Drop the pictures from the entries below, then reproduce the rest exactly.

═════ DATA EXTRACT ═════

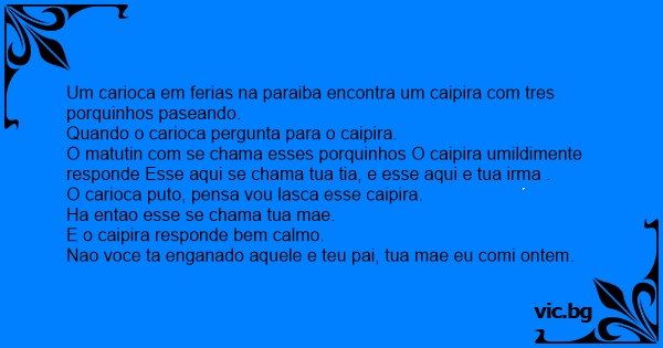 O matutin com se chama esses porquinhos O caipira umildimente responde Esse aqui se chama tua tia, e esse aqui e tua irma .
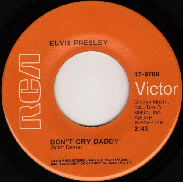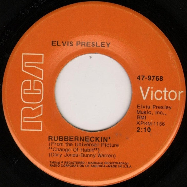 Side A published by Gladys Music Inc./B-n-B Music Inc. ASCAP Side B published by Elvis Presley Music, Inc. BMI Side B - From the Universal Picture "Change of habit". TMK(s) ® Registered Marca(s) Registrada(s) Radio Corporation of America - Made in U.S.A.
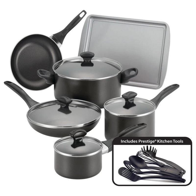 Farberware provides classic quality and dependability cooks have relied on since 1900, with modern styling for today. This Farberware Dishwasher Safe Nonstick 15-Piece Cookware Set is constructed from sturdy aluminum that heats quickly and evenly to help reduce hot spots that can burn food. Long-lasting top-quality nonstick coats the cookware interiors for excellent food release, while the sleek exteriors add a touch of style to any type of kitchen d?cor. Shatter-resistant glass lids feature easy-to-grasp knobs while allowing cooking to be watched without heat and moisture loss, and the double-riveted handles provide a strong grip. Oven safe to 350? F, as well as dishwasher safe, this set comes with five nylon Prestige(r) cooking tools that are easy on nonstick surfaces. And don’t forget dessert bake delicious bar, rolled or drop cookies to perfection on the medium cookie sheet, which is oven safe to 450? F. Add to the set with even more of the great, quality Farberware collection pieces for even more cooking convenience.
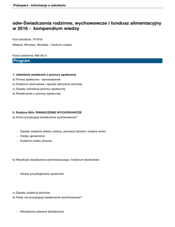 Polexpert - informacje o szkoleniu odw-Świadczenia rodzinne, wychowawcze i fundusz alimentacyjny w 2016 - kompendium wiedzy Kod szkolenia: 741916 Miejsce: Wrocław, Wrocław - Centrum miasta Koszt szkolenia: 490.00 zł Program 1. Udzielanie świadczeń z pomocy społecznej a) Pomoc społeczna - wprowadzenie b) Kryterium dochodowe i sposób obliczania dochodu c) Zasady udzielania pomocy społecznej d) Świadczenia z pomocy społecznej 2. Rodzina 500+ ŚWIADCZENIE WYCHOWAWCZE a) Komu przysługuje świadczenie wychowawcze? - Zasady ustalania składu rodziny, pierwsze dziecko i kolejne dzieci - Osoby uprawnione - Kryterium wieku dziecka b) Wysokość świadczenia wychowawczego i kryterium dochodowe - Okresy przysługiwania uprawnień c) Zasady ustalania dochodu d) Kiedy nie przysługuje świadczenie wychowawcze? - Nienależnie pobrane świadczenie Polexpert - informacje o szkoleniu e) Decyzje f) Wniosek o ustalenie świadczenia wychowawczego oraz dokumentacja. g) Słownik użytych pojęć 3. Świadczenia rodzinne a) Świadczenia rodzinne - wprowadzenie b) Zasady ustalania dochodu c) ZASIŁEK RODZINNY - kryterium dochodowe i warunki przyznania d) ZASIŁEK RODZINNY - kryterium wiekowe e) ZASIŁEK RODZINNY - komu przysługuje? f) ZASIŁEK RODZINNY - wysokość zasiłku g) ZASIŁEK RODZINNY - kiedy nie przysługuje? h) Dodatek do zasiłku rodzinnego z tytułu urodzenia dziecka i) Dodatek do z.r. z tyt. opieki nad dzieckiem w okresie korzystania z urlopu wychowawczego j) Dodatek do z.r. z tytułu samotnego wychowywania dziecka k) Dodatek do z.r. z tytułu wychowywania dziecka w rodzinie wielodzietnej l) Dodatek do z.r. z tytułu kształcenia i rehabilitacji dziecka m) Dodatek do z.r. z tytułu rozpoczęcia roku szkolnego n) Dod. do z.r. z tyt. podjęcia przez dziecko nauki w szkole poza m. zamieszk. o) JEDNORAZOWA ZAPOMOGA Z TYTUŁU URODZENIA SIĘ DZIECKA - BECIKOWE p) ŚWIADCZENIA OPIEKUŃCZE - zasiłek pielęgnacyjny q) ŚWIADCZENIA OPIEKUŃCZE - specjalny zasiłek opiekuńczy r) ŚWIADCZENIA OPIEKUŃCZE - świadczenie pielęgnacyjne s) Świadczenie rodzicielskie t) Informacja oświadczeniach nienależnie pobranych 4. Fundusz alimentacyjny a) Osoby uprawnione b) Ustalanie prawa do świadczenia z Funduszu Alimentacyjnego c) Wysokość świadczeń d) Kryterium dochodowe e) Zasady ustalania dochodu f) Kiedy nie przysługują świadczenia z funduszu alimentacyjnego? g) Procedury wobec dłużnika alimentacyjnego. h) Zwrot świadczeń wypłaconych z funduszu alimentacyjnego w tym świadczenia nienależnie pobrane. i) Realizatorzy, decyzje. Organy egzekucyjne a organ właściwy. j) Słownik użytych pojęć Polexpert - informacje o szkoleniu 5. Udzielanie świadczeń - dodatki mieszkaniowe a) Komu przysługuje dodatek mieszkaniowy? b) Wysokość i okres przyznawania dodatku mieszkaniowego c) Zasady obliczania dochodu przy ustalaniu prawa do dodatku mieszkaniowego d) Kryterium powierzchniowe do dodatku mieszkaniowego Prowadzący
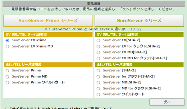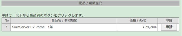 商品の選択画面が表示されます。 iTrust SSL/TLS サーバー証明書 Primeシリーズから商材を選択しましょう。iTrust SSL/TLS サーバー証明書シリーズは旧シリーズとなるため価格やライセンス体系が異なります (金額もiTrust SSL/TLS サーバー証明書 Primeの方がお求めやすくなっています)

═════

- [RESULT BELOW]:
 O matutin com se chama esses porquinhos O caipira umildimente responde Esse aqui se chama tua tia, e esse aqui e tua irma .
 Side A published by Gladys Music Inc./B-n-B Music Inc. ASCAP Side B published by Elvis Presley Music, Inc. BMI Side B - From the Universal Picture "Change of habit". TMK(s) ® Registered Marca(s) Registrada(s) Radio Corporation of America - Made in U.S.A.
 Farberware provides classic quality and dependability cooks have relied on since 1900, with modern styling for today. This Farberware Dishwasher Safe Nonstick 15-Piece Cookware Set is constructed from sturdy aluminum that heats quickly and evenly to help reduce hot spots that can burn food. Long-lasting top-quality nonstick coats the cookware interiors for excellent food release, while the sleek exteriors add a touch of style to any type of kitchen d?cor. Shatter-resistant glass lids feature easy-to-grasp knobs while allowing cooking to be watched without heat and moisture loss, and the double-riveted handles provide a strong grip. Oven safe to 350? F, as well as dishwasher safe, this set comes with five nylon Prestige(r) cooking tools that are easy on nonstick surfaces. And don’t forget dessert bake delicious bar, rolled or drop cookies to perfection on the medium cookie sheet, which is oven safe to 450? F. Add to the set with even more of the great, quality Farberware collection pieces for even more cooking convenience.
 Polexpert - informacje o szkoleniu odw-Świadczenia rodzinne, wychowawcze i fundusz alimentacyjny w 2016 - kompendium wiedzy Kod szkolenia: 741916 Miejsce: Wrocław, Wrocław - Centrum miasta Koszt szkolenia: 490.00 zł Program 1. Udzielanie świadczeń z pomocy społecznej a) Pomoc społeczna - wprowadzenie b) Kryterium dochodowe i sposób obliczania dochodu c) Zasady udzielania pomocy społecznej d) Świadczenia z pomocy społecznej 2. Rodzina 500+ ŚWIADCZENIE WYCHOWAWCZE a) Komu przysługuje świadczenie wychowawcze? - Zasady ustalania składu rodziny, pierwsze dziecko i kolejne dzieci - Osoby uprawnione - Kryterium wieku dziecka b) Wysokość świadczenia wychowawczego i kryterium dochodowe - Okresy przysługiwania uprawnień c) Zasady ustalania dochodu d) Kiedy nie przysługuje świadczenie wychowawcze? - Nienależnie pobrane świadczenie Polexpert - informacje o szkoleniu e) Decyzje f) Wniosek o ustalenie świadczenia wychowawczego oraz dokumentacja. g) Słownik użytych pojęć 3. Świadczenia rodzinne a) Świadczenia rodzinne - wprowadzenie b) Zasady ustalania dochodu c) ZASIŁEK RODZINNY - kryterium dochodowe i warunki przyznania d) ZASIŁEK RODZINNY - kryterium wiekowe e) ZASIŁEK RODZINNY - komu przysługuje? f) ZASIŁEK RODZINNY - wysokość zasiłku g) ZASIŁEK RODZINNY - kiedy nie przysługuje? h) Dodatek do zasiłku rodzinnego z tytułu urodzenia dziecka i) Dodatek do z.r. z tyt. opieki nad dzieckiem w okresie korzystania z urlopu wychowawczego j) Dodatek do z.r. z tytułu samotnego wychowywania dziecka k) Dodatek do z.r. z tytułu wychowywania dziecka w rodzinie wielodzietnej l) Dodatek do z.r. z tytułu kształcenia i rehabilitacji dziecka m) Dodatek do z.r. z tytułu rozpoczęcia roku szkolnego n) Dod. do z.r. z tyt. podjęcia przez dziecko nauki w szkole poza m. zamieszk. o) JEDNORAZOWA ZAPOMOGA Z TYTUŁU URODZENIA SIĘ DZIECKA - BECIKOWE p) ŚWIADCZENIA OPIEKUŃCZE - zasiłek pielęgnacyjny q) ŚWIADCZENIA OPIEKUŃCZE - specjalny zasiłek opiekuńczy r) ŚWIADCZENIA OPIEKUŃCZE - świadczenie pielęgnacyjne s) Świadczenie rodzicielskie t) Informacja oświadczeniach nienależnie pobranych 4. Fundusz alimentacyjny a) Osoby uprawnione b) Ustalanie prawa do świadczenia z Funduszu Alimentacyjnego c) Wysokość świadczeń d) Kryterium dochodowe e) Zasady ustalania dochodu f) Kiedy nie przysługują świadczenia z funduszu alimentacyjnego? g) Procedury wobec dłużnika alimentacyjnego. h) Zwrot świadczeń wypłaconych z funduszu alimentacyjnego w tym świadczenia nienależnie pobrane. i) Realizatorzy, decyzje. Organy egzekucyjne a organ właściwy. j) Słownik użytych pojęć Polexpert - informacje o szkoleniu 5. Udzielanie świadczeń - dodatki mieszkaniowe a) Komu przysługuje dodatek mieszkaniowy? b) Wysokość i okres przyznawania dodatku mieszkaniowego c) Zasady obliczania dochodu przy ustalaniu prawa do dodatku mieszkaniowego d) Kryterium powierzchniowe do dodatku mieszkaniowego Prowadzący
 商品の選択画面が表示されます。 iTrust SSL/TLS サーバー証明書 Primeシリーズから商材を選択しましょう。iTrust SSL/TLS サーバー証明書シリーズは旧シリーズとなるため価格やライセンス体系が異なります (金額もiTrust SSL/TLS サーバー証明書 Primeの方がお求めやすくなっています)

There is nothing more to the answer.